Here's a complete example of running the entire evaluation pipeline:

# Step 1: Generate multi-turn dialogues
cd pred
python main.py \
    --data-dir ../data \
    --output-dir ../output \
    --model-name test-model \
    --attack-api-key sk-attack \
    --attack-base-url https://api.example.com/v1 \
    --attack-model-name deepseek-r1 \
    --defense-api-key sk-defense \
    --defense-base-url https://api.example.com/v1 \
    --defense-model-name deepseek-v3

# Step 2: Merge output files
python merge.py --output-dir ../output

# Step 3: Evaluate results
cd ..
python -m judge.evaluate \
    --output-dir ./output \
    --judge-api-key sk-judge \
    --judge-base-url https://api.example.com/v1 \
    --judge-model-name qwen3-235b

Directory Structure

multi-turn/
├── data/                    # Input data files
│   ├── MT_Inter.xlsx
│   ├── MT_Cog.xlsx
│   └── MT_App.xlsx
├── pred/                    # Prediction/generation scripts
│   ├── main.py             # Main script to generate dialogues
│   ├── merge.py            # Script to merge output files
│   └── ...
├── judge/                   # Evaluation scripts
│   ├── evaluate.py         # Main evaluation script
│   ├── prompt.py           # Prompt templates
│   └── README.md           # Detailed evaluation guide
├── output/                  # Output directory (created after Step 1)
│   └── {model-name}/       # Subdirectory for each model
│       ├── *.jsonl         # Generated dialogue files
│       ├── merged.jsonl    # Merged file (after Step 2)
│       └── evaluation.jsonl # Evaluation results (after Step 3)
└── README.md               # This file

Notes

  1. API Configuration: Make sure to configure the correct API keys and base URLs for:

    • Attack model (used to generate adversarial questions)
    • Defense model (the model being evaluated)
    • Judge model (used for evaluation)
  2. File Requirements: The input Excel files in data/ directory must follow the expected format. Refer to the data files for the required structure.

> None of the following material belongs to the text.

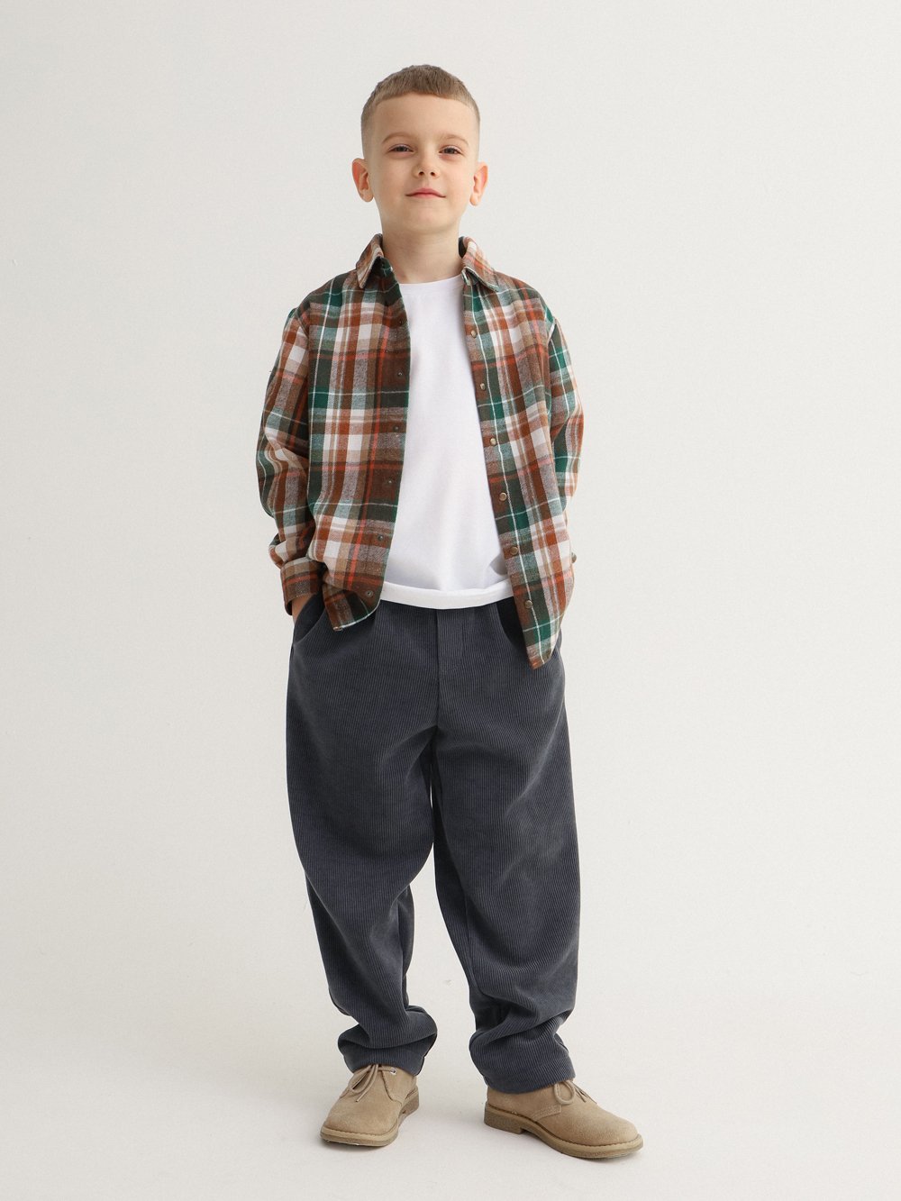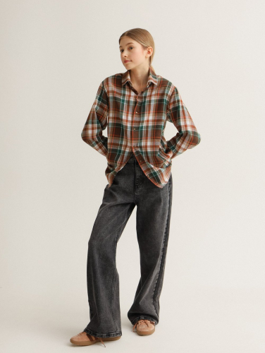 Рубашка из фланели с застежкой на кнопки и отложным воротничком.

  3. Error Handling: If any step fails, check the error messages and ensure:

    • API keys are valid
    • Network connectivity is available
    • Input files are in the correct format
    • Output directory has write permissions
  4. Incremental Processing: The evaluation script processes all subdirectories. You can use --start-from and --end-at parameters to process specific ranges if needed.

  5. Output Files:

    • After Step 1: Multiple JSONL files per test type
    • After Step 2: merged.jsonl in each subdirectory
    • After Step 3: evaluation.jsonl and summary files (JSON/CSV) in each subdirectory

Troubleshooting

  • Import Errors: Make sure you're running scripts from the correct directory or using the -m flag for module imports
  • API Errors: Verify API keys and base URLs are correct, and check network connectivity
  • File Not Found: Ensure input data files exist in the data/ directory
  • Permission Errors: Check that the output directory has write permissions

For more detailed information about the evaluation process, see judge/README.md.